* [Excerpted records]
^^^^

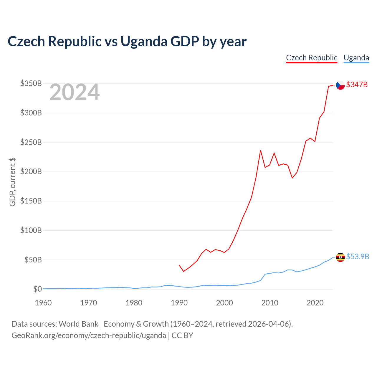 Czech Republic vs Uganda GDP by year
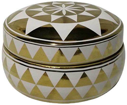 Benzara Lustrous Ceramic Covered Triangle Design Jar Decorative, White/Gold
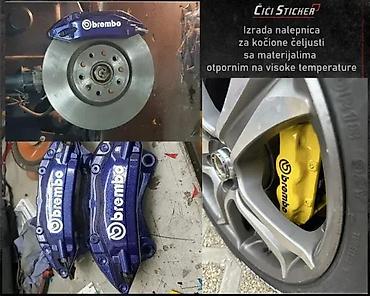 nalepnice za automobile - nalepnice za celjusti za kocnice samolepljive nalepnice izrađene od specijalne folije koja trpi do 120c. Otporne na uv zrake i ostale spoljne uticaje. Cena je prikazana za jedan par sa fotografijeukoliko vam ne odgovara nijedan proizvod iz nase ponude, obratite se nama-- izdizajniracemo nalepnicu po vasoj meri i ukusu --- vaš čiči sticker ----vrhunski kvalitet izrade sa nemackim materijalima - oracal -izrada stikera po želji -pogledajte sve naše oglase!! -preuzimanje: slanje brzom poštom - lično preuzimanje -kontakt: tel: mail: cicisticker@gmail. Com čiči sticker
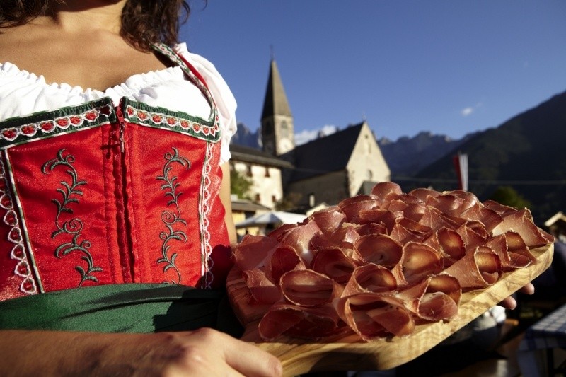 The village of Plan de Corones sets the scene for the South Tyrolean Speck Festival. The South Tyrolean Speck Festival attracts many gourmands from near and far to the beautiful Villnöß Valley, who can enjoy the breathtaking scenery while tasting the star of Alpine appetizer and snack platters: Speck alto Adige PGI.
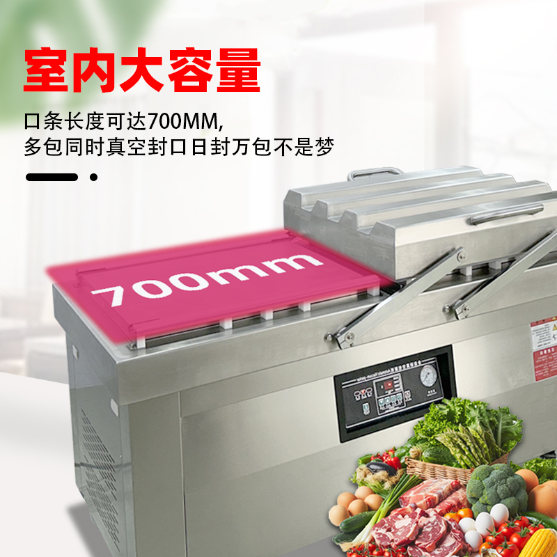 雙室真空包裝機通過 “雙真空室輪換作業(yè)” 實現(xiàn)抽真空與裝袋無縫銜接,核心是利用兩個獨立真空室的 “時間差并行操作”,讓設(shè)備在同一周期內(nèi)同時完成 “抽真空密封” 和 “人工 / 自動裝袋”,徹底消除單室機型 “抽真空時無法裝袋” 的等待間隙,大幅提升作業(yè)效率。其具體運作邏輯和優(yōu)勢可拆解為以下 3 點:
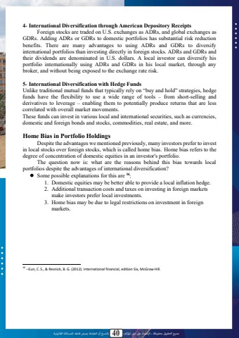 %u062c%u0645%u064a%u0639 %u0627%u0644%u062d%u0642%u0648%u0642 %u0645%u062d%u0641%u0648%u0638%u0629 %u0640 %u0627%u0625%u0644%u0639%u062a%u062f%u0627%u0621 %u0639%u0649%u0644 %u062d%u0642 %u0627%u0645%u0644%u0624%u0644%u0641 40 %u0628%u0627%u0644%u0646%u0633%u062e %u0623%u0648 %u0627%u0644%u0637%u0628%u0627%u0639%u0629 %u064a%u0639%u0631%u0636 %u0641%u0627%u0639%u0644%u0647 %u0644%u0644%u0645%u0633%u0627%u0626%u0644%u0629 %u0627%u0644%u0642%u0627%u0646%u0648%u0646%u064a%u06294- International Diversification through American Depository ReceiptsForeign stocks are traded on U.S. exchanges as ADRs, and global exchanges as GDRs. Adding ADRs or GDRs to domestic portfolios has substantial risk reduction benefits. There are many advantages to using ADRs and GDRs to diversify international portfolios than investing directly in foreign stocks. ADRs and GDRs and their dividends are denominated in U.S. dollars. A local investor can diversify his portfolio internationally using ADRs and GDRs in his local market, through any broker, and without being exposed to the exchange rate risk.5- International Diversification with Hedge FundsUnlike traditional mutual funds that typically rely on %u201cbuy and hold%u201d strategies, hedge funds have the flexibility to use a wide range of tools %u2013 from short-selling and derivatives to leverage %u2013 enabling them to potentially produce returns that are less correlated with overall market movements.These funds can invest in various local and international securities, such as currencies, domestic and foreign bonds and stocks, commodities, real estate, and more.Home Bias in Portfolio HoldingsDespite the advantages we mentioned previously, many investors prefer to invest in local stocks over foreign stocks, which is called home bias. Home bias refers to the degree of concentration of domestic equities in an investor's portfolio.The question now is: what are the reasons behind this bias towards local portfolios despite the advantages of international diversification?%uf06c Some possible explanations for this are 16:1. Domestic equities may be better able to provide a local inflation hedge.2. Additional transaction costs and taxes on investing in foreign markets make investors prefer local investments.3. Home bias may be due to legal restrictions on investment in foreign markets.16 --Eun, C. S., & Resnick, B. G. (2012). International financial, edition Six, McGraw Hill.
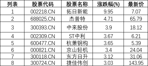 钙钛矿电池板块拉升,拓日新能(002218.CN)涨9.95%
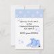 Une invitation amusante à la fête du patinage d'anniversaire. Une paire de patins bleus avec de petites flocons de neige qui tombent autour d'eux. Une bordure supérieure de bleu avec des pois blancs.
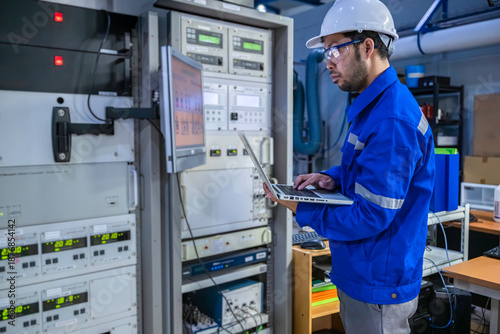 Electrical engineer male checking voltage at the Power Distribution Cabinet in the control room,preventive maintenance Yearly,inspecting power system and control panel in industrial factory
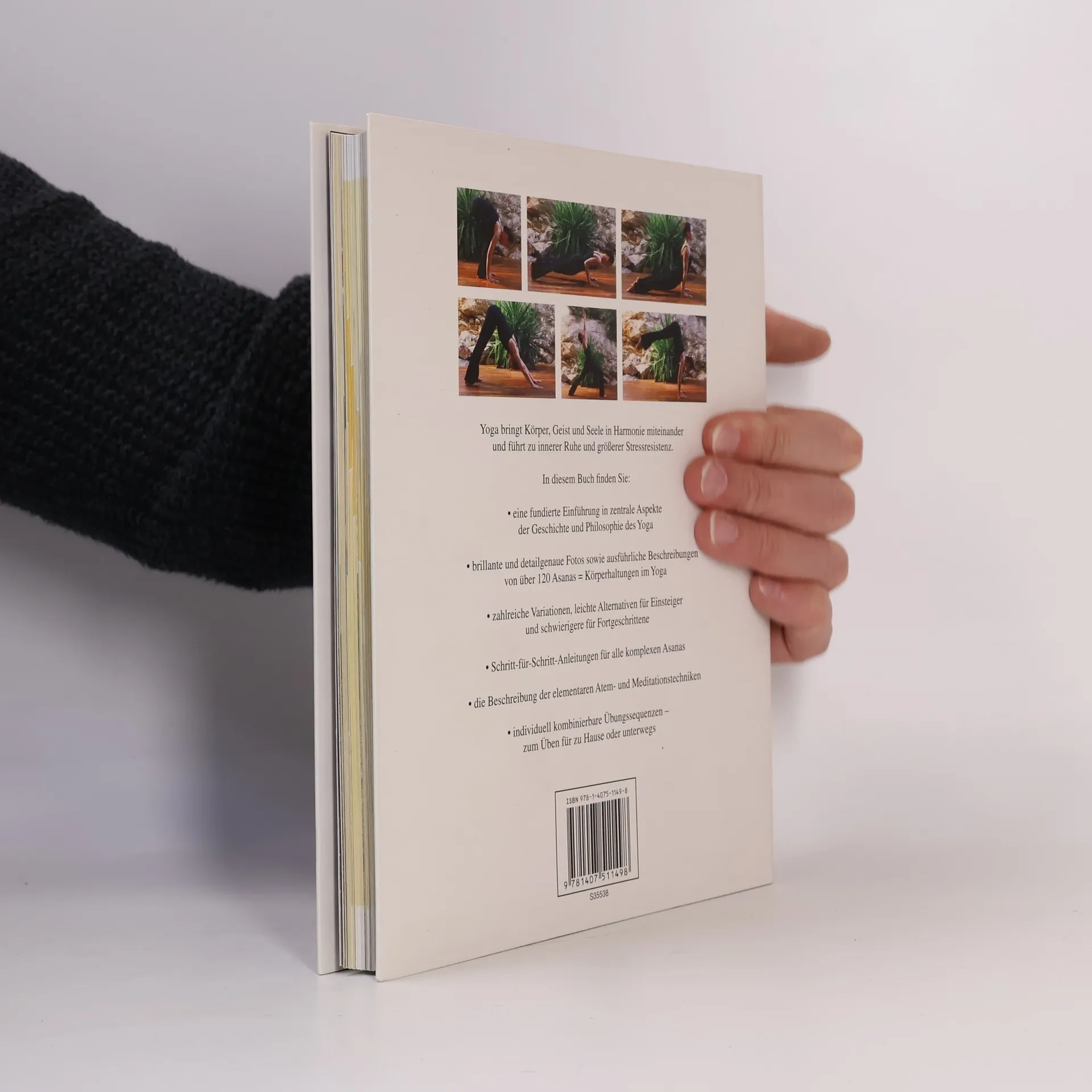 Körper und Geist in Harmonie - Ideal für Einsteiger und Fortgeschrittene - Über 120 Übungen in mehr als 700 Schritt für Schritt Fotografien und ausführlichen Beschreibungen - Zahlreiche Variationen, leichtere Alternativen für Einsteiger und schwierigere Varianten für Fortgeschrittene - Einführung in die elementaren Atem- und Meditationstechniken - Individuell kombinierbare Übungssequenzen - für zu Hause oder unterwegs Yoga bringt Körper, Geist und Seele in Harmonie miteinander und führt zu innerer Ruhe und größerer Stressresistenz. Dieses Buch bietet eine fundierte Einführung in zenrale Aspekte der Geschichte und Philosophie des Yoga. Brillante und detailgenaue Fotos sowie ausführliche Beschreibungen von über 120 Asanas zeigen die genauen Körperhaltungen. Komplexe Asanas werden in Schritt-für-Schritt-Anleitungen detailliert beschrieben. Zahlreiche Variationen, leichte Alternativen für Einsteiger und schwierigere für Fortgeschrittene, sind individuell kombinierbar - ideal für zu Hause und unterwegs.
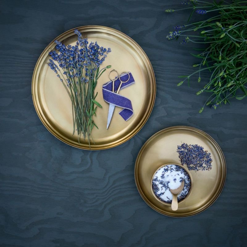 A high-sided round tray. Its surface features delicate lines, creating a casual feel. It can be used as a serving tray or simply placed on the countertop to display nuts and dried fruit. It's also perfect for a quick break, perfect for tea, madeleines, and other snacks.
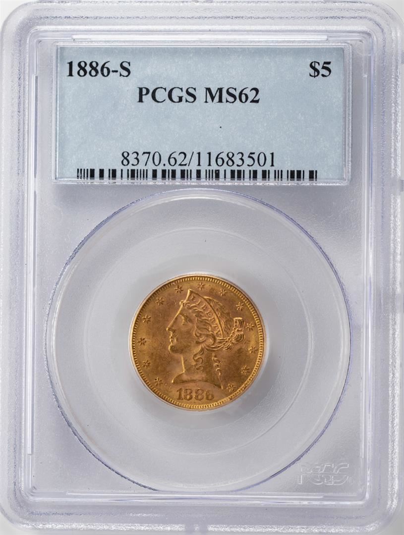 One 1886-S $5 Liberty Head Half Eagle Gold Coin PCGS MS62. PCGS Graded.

^^^^

* [Exercise brief] Your response must reproduce the listing above word for word and must contain none of its pictures.

* [Solution]
 Czech Republic vs Uganda GDP by year
 Benzara Lustrous Ceramic Covered Triangle Design Jar Decorative, White/Gold
 nalepnice za automobile - nalepnice za celjusti za kocnice samolepljive nalepnice izrađene od specijalne folije koja trpi do 120c. Otporne na uv zrake i ostale spoljne uticaje. Cena je prikazana za jedan par sa fotografijeukoliko vam ne odgovara nijedan proizvod iz nase ponude, obratite se nama-- izdizajniracemo nalepnicu po vasoj meri i ukusu --- vaš čiči sticker ----vrhunski kvalitet izrade sa nemackim materijalima - oracal -izrada stikera po želji -pogledajte sve naše oglase!! -preuzimanje: slanje brzom poštom - lično preuzimanje -kontakt: tel: mail: cicisticker@gmail. Com čiči sticker
 The village of Plan de Corones sets the scene for the South Tyrolean Speck Festival. The South Tyrolean Speck Festival attracts many gourmands from near and far to the beautiful Villnöß Valley, who can enjoy the breathtaking scenery while tasting the star of Alpine appetizer and snack platters: Speck alto Adige PGI.
 雙室真空包裝機通過 “雙真空室輪換作業(yè)” 實現(xiàn)抽真空與裝袋無縫銜接,核心是利用兩個獨立真空室的 “時間差并行操作”,讓設(shè)備在同一周期內(nèi)同時完成 “抽真空密封” 和 “人工 / 自動裝袋”,徹底消除單室機型 “抽真空時無法裝袋” 的等待間隙,大幅提升作業(yè)效率。其具體運作邏輯和優(yōu)勢可拆解為以下 3 點:
 %u062c%u0645%u064a%u0639 %u0627%u0644%u062d%u0642%u0648%u0642 %u0645%u062d%u0641%u0648%u0638%u0629 %u0640 %u0627%u0625%u0644%u0639%u062a%u062f%u0627%u0621 %u0639%u0649%u0644 %u062d%u0642 %u0627%u0645%u0644%u0624%u0644%u0641 40 %u0628%u0627%u0644%u0646%u0633%u062e %u0623%u0648 %u0627%u0644%u0637%u0628%u0627%u0639%u0629 %u064a%u0639%u0631%u0636 %u0641%u0627%u0639%u0644%u0647 %u0644%u0644%u0645%u0633%u0627%u0626%u0644%u0629 %u0627%u0644%u0642%u0627%u0646%u0648%u0646%u064a%u06294- International Diversification through American Depository ReceiptsForeign stocks are traded on U.S. exchanges as ADRs, and global exchanges as GDRs. Adding ADRs or GDRs to domestic portfolios has substantial risk reduction benefits. There are many advantages to using ADRs and GDRs to diversify international portfolios than investing directly in foreign stocks. ADRs and GDRs and their dividends are denominated in U.S. dollars. A local investor can diversify his portfolio internationally using ADRs and GDRs in his local market, through any broker, and without being exposed to the exchange rate risk.5- International Diversification with Hedge FundsUnlike traditional mutual funds that typically rely on %u201cbuy and hold%u201d strategies, hedge funds have the flexibility to use a wide range of tools %u2013 from short-selling and derivatives to leverage %u2013 enabling them to potentially produce returns that are less correlated with overall market movements.These funds can invest in various local and international securities, such as currencies, domestic and foreign bonds and stocks, commodities, real estate, and more.Home Bias in Portfolio HoldingsDespite the advantages we mentioned previously, many investors prefer to invest in local stocks over foreign stocks, which is called home bias. Home bias refers to the degree of concentration of domestic equities in an investor's portfolio.The question now is: what are the reasons behind this bias towards local portfolios despite the advantages of international diversification?%uf06c Some possible explanations for this are 16:1. Domestic equities may be better able to provide a local inflation hedge.2. Additional transaction costs and taxes on investing in foreign markets make investors prefer local investments.3. Home bias may be due to legal restrictions on investment in foreign markets.16 --Eun, C. S., & Resnick, B. G. (2012). International financial, edition Six, McGraw Hill.
 钙钛矿电池板块拉升,拓日新能(002218.CN)涨9.95%
 Une invitation amusante à la fête du patinage d'anniversaire. Une paire de patins bleus avec de petites flocons de neige qui tombent autour d'eux. Une bordure supérieure de bleu avec des pois blancs.
 Electrical engineer male checking voltage at the Power Distribution Cabinet in the control room,preventive maintenance Yearly,inspecting power system and control panel in industrial factory
 Körper und Geist in Harmonie - Ideal für Einsteiger und Fortgeschrittene - Über 120 Übungen in mehr als 700 Schritt für Schritt Fotografien und ausführlichen Beschreibungen - Zahlreiche Variationen, leichtere Alternativen für Einsteiger und schwierigere Varianten für Fortgeschrittene - Einführung in die elementaren Atem- und Meditationstechniken - Individuell kombinierbare Übungssequenzen - für zu Hause oder unterwegs Yoga bringt Körper, Geist und Seele in Harmonie miteinander und führt zu innerer Ruhe und größerer Stressresistenz. Dieses Buch bietet eine fundierte Einführung in zenrale Aspekte der Geschichte und Philosophie des Yoga. Brillante und detailgenaue Fotos sowie ausführliche Beschreibungen von über 120 Asanas zeigen die genauen Körperhaltungen. Komplexe Asanas werden in Schritt-für-Schritt-Anleitungen detailliert beschrieben. Zahlreiche Variationen, leichte Alternativen für Einsteiger und schwierigere für Fortgeschrittene, sind individuell kombinierbar - ideal für zu Hause und unterwegs.
 A high-sided round tray. Its surface features delicate lines, creating a casual feel. It can be used as a serving tray or simply placed on the countertop to display nuts and dried fruit. It's also perfect for a quick break, perfect for tea, madeleines, and other snacks.
 One 1886-S $5 Liberty Head Half Eagle Gold Coin PCGS MS62. PCGS Graded.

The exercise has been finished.